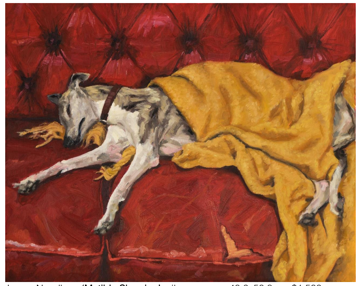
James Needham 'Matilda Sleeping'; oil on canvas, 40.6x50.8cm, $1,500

*****

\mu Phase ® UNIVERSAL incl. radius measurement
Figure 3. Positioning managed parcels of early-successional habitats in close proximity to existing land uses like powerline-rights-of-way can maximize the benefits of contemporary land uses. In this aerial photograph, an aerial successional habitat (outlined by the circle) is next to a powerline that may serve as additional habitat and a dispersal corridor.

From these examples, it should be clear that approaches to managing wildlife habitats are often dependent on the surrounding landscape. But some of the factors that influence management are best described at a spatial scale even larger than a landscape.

*****

Aim of the task: For each line in the data above that contains the string "habitats", extract the line.

Your response:
Figure 3. Positioning managed parcels of early-successional habitats in close proximity to existing land uses like powerline-rights-of-way can maximize the benefits of contemporary land uses. In this aerial photograph, an aerial successional habitat (outlined by the circle) is next to a powerline that may serve as additional habitat and a dispersal corridor.
From these examples, it should be clear that approaches to managing wildlife habitats are often dependent on the surrounding landscape. But some of the factors that influence management are best described at a spatial scale even larger than a landscape.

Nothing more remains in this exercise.